The HIV-1 envelope glycoprotein (Env) trimer mediates cell entry and is conformationally dynamic1,2,3,4,5,6,7,8. Imaging by single-molecule fluorescence resonance energy transfer (smFRET) has revealed that, on the surface of intact virions, mature pre-fusion Env transitions from a pre-triggered conformation (state 1) through a default intermediate conformation (state 2) to a conformation in which it is bound to three CD4 receptor molecules (state 3)8,9,10. It is currently unclear how these states relate to known structures. Breakthroughs in the structural characterization of the HIV-1 Env trimer have previously been achieved by generating soluble and proteolytically cleaved trimers of gp140 Env that are stabilized by a disulfide bond, an isoleucine-to-proline substitution at residue 559 and a truncation at residue 664 (SOSIP.664 trimers)5,11,12,13,14,15,16,17,18. Cryo-electron microscopy studies have been performed with C-terminally truncated Env of the HIV-1JR-FL strain in complex with the antibody PGT15119. Both approaches have revealed similar structures for Env.
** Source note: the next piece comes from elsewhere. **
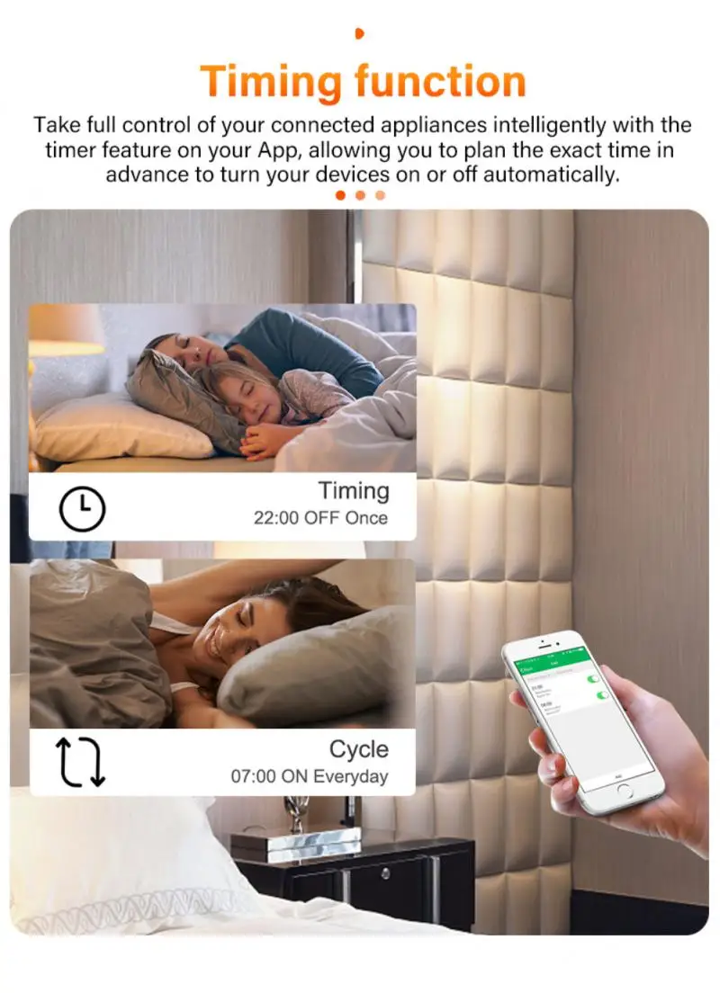 Беспроводной пульт дистанционного управления: удобно управлять подключенными устройствами с помощью бесплатного мобильного приложения «Smart Life/tuya» независимо от того, где вы находитесь. (Совместимость с Android и iOS.) контролируйте свои приборы заранее, когда вы находитесь вдали от дома.

Although these structures have been presumed to represent the pre-triggered state 1 of HIV-1 Env, this hypothesis has never directly been tested. Here we use smFRET to compare the conformational states of Env trimers used for structural studies with native Env on intact virus. We find that the constructs upon which extant high-resolution structures are based predominantly occupy downstream conformations that represent states 2 and 3. Therefore, the structure of the pre-triggered state-1 conformation of viral Env that has been identified by smFRET and that is preferentially stabilized by many broadly neutralizing antibodies—and thus of interest for the design of immunogens—remains unknown.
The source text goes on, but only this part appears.